AgentSkillsCN

debug-os-worker

借助Cloudflare MCP服务器(事件、密钥、值以及定向查询),调试Cloudflare `os` Worker中的运行失败问题。适用于诊断生产环境中的500错误、日志缺失、守护进程或控制平面问题,以及请求级别的回归问题。

SKILL.md
--- frontmatter
name: debug-os-worker
description: Debug failures in the Cloudflare `os` worker using the Cloudflare MCP server (events, keys, values, and targeted queries). Use when diagnosing 500s, missing logs, daemon/control-plane issues, or request-level regressions in production.
publish: false

Debug OS Worker

Debug production control-plane issues in the Cloudflare os worker.

Workflow

  1. Use the os worker only (no worker-name discovery step).
  2. Pull recent events first, then filter.
  3. Identify exact failing trigger/message/requestId.
  4. Quantify scope with calculations.
  5. Return evidence + next code path to inspect.

Steps

1) Worker + timeframe defaults

  • Worker is always os.
  • Start with last 30 minutes.
  • If empty/noisy, move to 60m, then 3h.
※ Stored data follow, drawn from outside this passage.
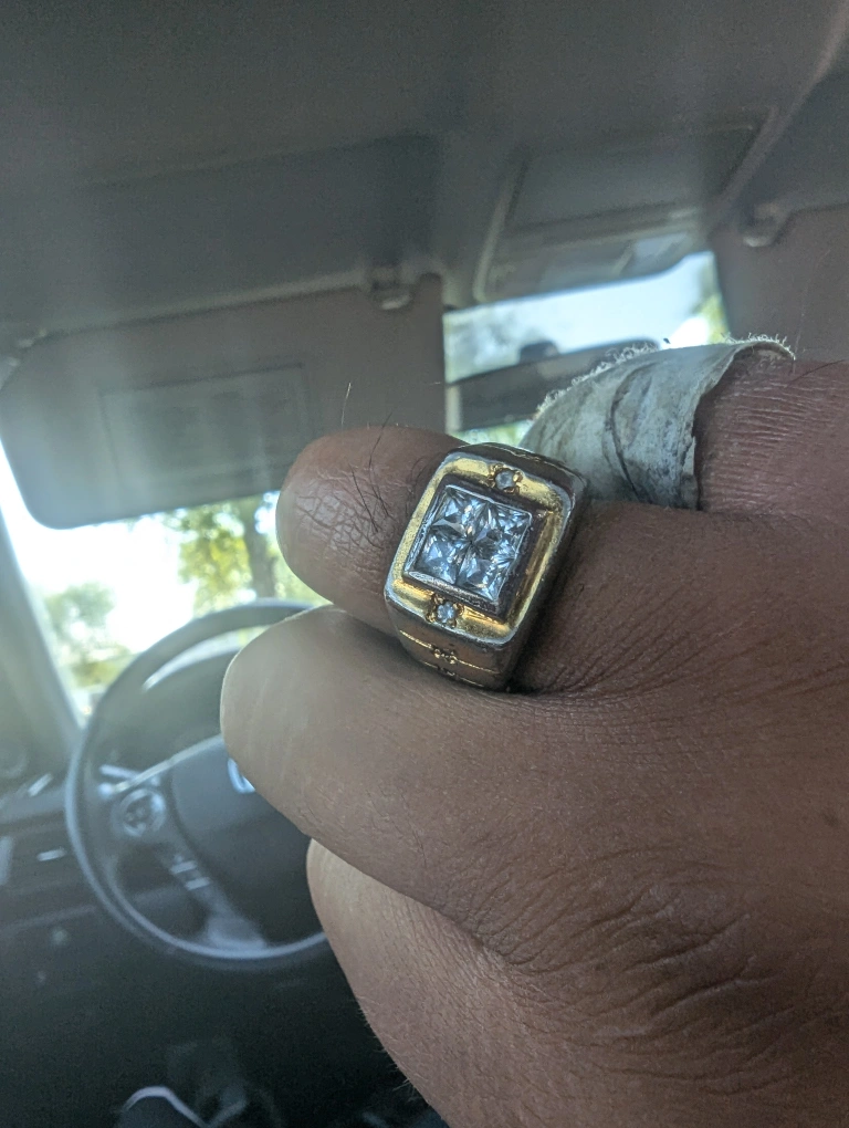 A men's ring with a square face and what appears to be cubic zirconia or similar stones. The band is gold-coloured, and the face has a silver-coloured setting. it's gold plated. Size 12.only cash accepted Thank you have a good day!!
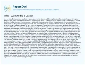 Why I Want to Be a Leader. (2021, May 10). Retrieved from https://hub.papersowl.com/examples/why-do-you-want-to-be-a-leader/
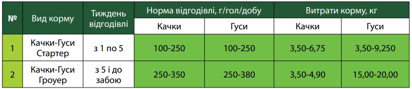 Важливо! Качки та гуси повинні мати вільний доступ до води. Перехід з одного виду корму на інший здійснюється впродовж 4-ох днів, вводячи щоденно 25/50/75% но-
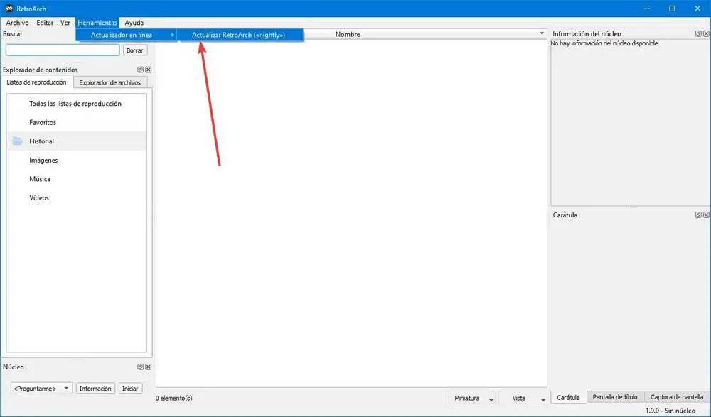 Ce processus ne fait que mettre à jour l’émulateur, mais ne le noyau pas. En fin de compte, ces cœurs sont la partie la plus importante de RetroArch, car ce sont eux qui sont chargés d’ouvrir les jeux. Bien que la mise à jour du programme ne soit pas très archaïque, le logiciel lui-même a ses options correspondantes pour télécharger et mettre à jour les cœurs et autres éléments liés à la rétro-émulation.

2) Baseline query (events)

  • Run user-cloudflare-query_worker_observability with:
    • view: "events"
    • filter $metadata.service == "os" (if key exists)
    • limit 20-50
  • Goal: collect real values for:
    • $metadata.trigger
    • $metadata.message
    • $metadata.error
    • $metadata.requestId
    • $metadata.level

3) Error-focused query

  • Add one of:
    • $metadata.error exists
    • $metadata.level == "error" (or observed level value)
    • $metadata.message includes "<observed failure substring>"
  • Use concrete values from baseline results. Do not guess keys/values.

If you have a daemon-side correlation id or cf-ray, search for it in message/request-id fields.

4) Verify keys/values only when needed

  • If a filter fails or returns nothing:
    • call user-cloudflare-observability_keys
    • call user-cloudflare-observability_values for the exact key
  • Then retry with exact returned value.

5) Scope query (calculations)

  • Use view: "calculations" for:
    • total error count in timeframe
    • grouped counts by trigger or message
  • Keep group-bys small. Use only verified keys.

6) Optional live tail with Doppler (outside MCP)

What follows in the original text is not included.